*** Data ***

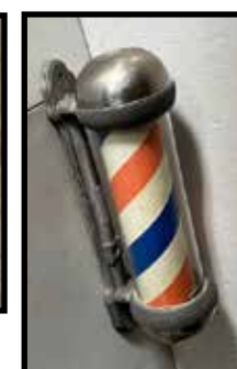
Barber Pole (neat piece)
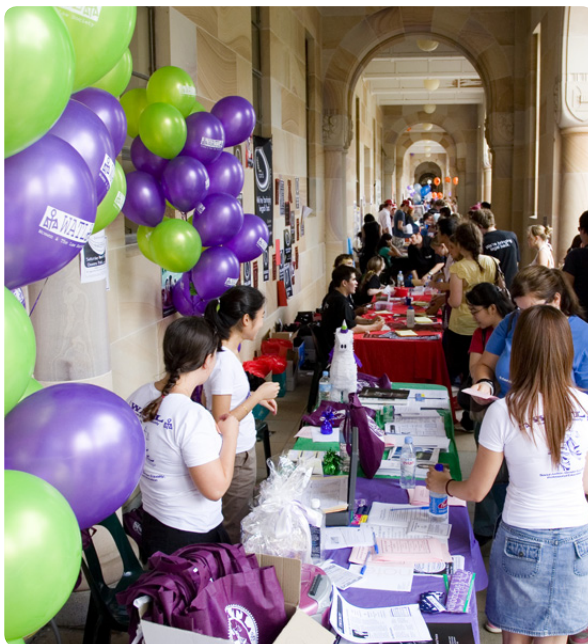
"O Week" activities.

You can join more than 100 clubs and societies, so if you have a special interest or hobby, there's bound to be one for you. Join the Medieval Society, the Hip Hop Society, or just join in the fun.

*** End of Data ***

What is needed
From the material above, copy everything exactly but the pictures.

Exercise solution
Barber Pole (neat piece)
"O Week" activities.

You can join more than 100 clubs and societies, so if you have a special interest or hobby, there's bound to be one for you. Join the Medieval Society, the Hip Hop Society, or just join in the fun.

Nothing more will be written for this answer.